On the top of the camera board, the lens is screwed on with two screws. The camera sensor is an OmniVision OV7120 1/3" 8-bit grayscale CMOS [pdf]. It has a sampling rate of up to 60 FPS and a VGA resolution of up to 640x480 pixels. This CMOS can be controlled via a Serial Camera Control Bus (SCCB), a serial working 3-wire bus system, comparable to an I2C bus. Via the SCCB, which was developed by OmniVision, a CMOS functions such as color saturation, brightness, contrast, white level, exposure time and other parameters can be controlled. Fortunately, the SCCB configuration parameters are stored in the file CMSETUP.I2C. Otherwise, I would never have found out which kind of sensor is behind the lens. There is another identical sensor, OV7620, which can take pictures in 16-bit color.

However, the B/W version used in the PIER™ is four times more sensitive to light, because with the same number of pixels, all four are used for the B/W image instead of one pixel per basic color and one for the light intensity. The CMOS can be programmed to write its image data directly into external RAM. An FPGA can then access the allocated memory area and perform an analysis of the image material. The result is then used by the CPU in the user program. For the time, a highly integrated sensor was installed here.

On the back of the camera board is the CompactFlash slot with a 256Mb SanDisk SDCFB-256-201-00 CompactFlash (Standard Grade) installed. Ardence has put a sticker on it to indicate that it holds the ETS system. As already mentioned in the case of the CPU, it is remarkable that this is not an industrial version. The CF card contains the entire operating system and the entire database, including all iris records. Later on, we will dump this card and boot the system with QEMU on a x86_64 Linux computer.

I would have expected to see a CompactFlash card like shown below. It has not only a higher temperature tolerance, but also a longer life in terms of write cycles. Probably, the “Industrial Grade” version was much more expensive at the time.
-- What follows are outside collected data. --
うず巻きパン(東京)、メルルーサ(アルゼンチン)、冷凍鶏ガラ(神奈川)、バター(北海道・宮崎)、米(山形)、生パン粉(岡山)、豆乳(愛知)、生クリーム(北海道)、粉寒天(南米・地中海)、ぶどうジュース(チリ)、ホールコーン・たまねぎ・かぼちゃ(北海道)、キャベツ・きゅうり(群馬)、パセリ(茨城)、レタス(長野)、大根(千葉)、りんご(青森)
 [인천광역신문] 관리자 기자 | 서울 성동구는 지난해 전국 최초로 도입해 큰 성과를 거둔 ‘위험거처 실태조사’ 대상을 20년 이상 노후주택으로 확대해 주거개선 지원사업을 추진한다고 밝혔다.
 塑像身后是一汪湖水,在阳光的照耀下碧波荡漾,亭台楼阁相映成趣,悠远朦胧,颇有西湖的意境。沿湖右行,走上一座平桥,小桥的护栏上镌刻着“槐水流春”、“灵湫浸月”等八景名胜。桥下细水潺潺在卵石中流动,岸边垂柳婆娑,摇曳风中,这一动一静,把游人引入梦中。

The keyboard and display are glued into the housing to prevent dust and water from getting inside.

Overall, the device has a very tidy appearance and achieves very good repairability through the use of standard screws and as little adhesive as possible. In addition, the CF card slot even gives the device an upgrade option. Only the wildly mixed use of consumer and industrial hardware seems inappropriate for a MIL-SPEC device. The intention here was apparently to save money.

Software⌗

Operating System⌗

The PIER™ 2.3 runs Phar Lap ETS®, a fully Win32 compliant real-time operating system. Originally, ETS was created by Phar Lap Software, Inc [wikipedia.org] a software company founded in 1986, specialized in DOS software development. Phar Lap is now part of IntervalZero [wikipedia.org], formerly Ardence [wikipedia.org], which continues the further development of ETS. Currently, the OS is used for instance on LabVIEW real-time targets.
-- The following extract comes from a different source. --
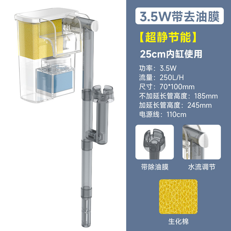 Percale 폭포 어항 필터 작은 벽 장착 가정용 외부 3 대 1 침묵하는 깨끗한 물 탱크 산소 펌프

Ardence described the operating system’s features back in 2007 as follows:

• Real-time file system: High-speed media access with FAT16 and FAT32 support
• Fully Win32 compliant: No need to use code wrappers for API mapping
• Complete IA32 x86 support: 386, 486, Pentium I, II, III, 4, Multicore, M, Xenon, as well as AMD CPUs
• Smallest operational footprint: < 500 KB with I/O graphics and TCP/IP
• Support for all standard BIOS implementations: Support includes ACPI-compliant PIC and uniprocessor APIC
• Integrated WinSock-compliant real-time TCP/IP stack: Fully Windows independent

The device has a fully functional BIOS, which boots the ETS from a CompactFlash card.
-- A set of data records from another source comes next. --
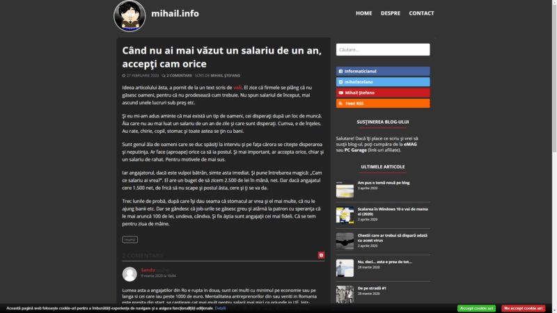 Cum suportul lor este inexistent (răspund la mail-uri după ani lumină), toamna trecută am decis să plec pe un shared hosting cam la fel de scump, dar care are suport pe chat. Nu mai zic că au și un AI care e super de ajutor.
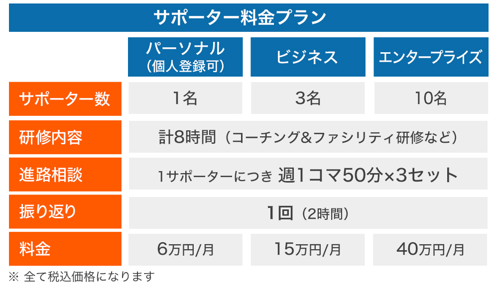 企業に対しては、サポーターへの研修から研修後の振り返りまでの全プログラムを一貫して受けられるパックとして販売しています。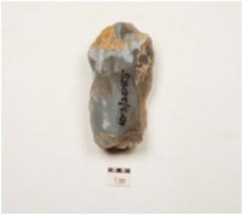 | Description / विवरण | A chalcedony core with cortex at one end and flake scars on surface. |

As can be seen in the diagram, there are architectural parallels to the RTOS from Espressif, which runs on the very well-known microcontroller ESP8266. The software developer writes a program and bundles the entire operating system in his IDE into a runnable image.

Phar Lap ETS - Real-time Operating System (Product Information) [pdf]

Device Features⌗

The device has a built-in FTP server that allows the user to access and manage the entire root file system of the device over an unsecured remote connection. It also has a self-updater that runs automatically at boot and attempts to pull a zip archive from a predefined FTP location.

In addition, it also includes an embedded web server written in C++, which is part of a never-released MJPEG-like camera live feed demo. Which, if it’s functional, allows the user to watch a live video stream from the device using a simple web browser. Probably, this was a preparation to be able to operate the device in a tethered environment connected to a laptop or a central server, like its sister device PIER™-T (Product Information) [pdf].

In addition, the device responds to ICMP packages, commonly known as “ping”, to check if the device is online and reachable on a network. The settings menu is secured by a password to ensure that only authorized users can access and make changes to the device’s settings. There is also an option allowing records to be stored in an encrypted manner, but the default setting is sadly unencrypted. In total, the device has two large databases: one for records of individuals and another for IrisCodes.

Screenshots⌗

After the device is turned on, it beeps and displays the following boot screen.

After a while, the main menu appears. From here, we can register or identify a new person. Furthermore, we can access the system settings and the help menu. Last but not least, the device status can be displayed which includes information about the storage space, serial number and device version, as well as the battery charge.

Unfortunately, the help page is completely useless on my device, since all references lead nowhere. Only this help overview is displayed.

In the setup screen, classic options such as date, time and network address can be set. If you want to make the device use DHCP, the IP needs to be set to 255.255.255.253. Additionally, the version of the iris recognition software can be selected, the system can be rebooted, and security options can be configured here.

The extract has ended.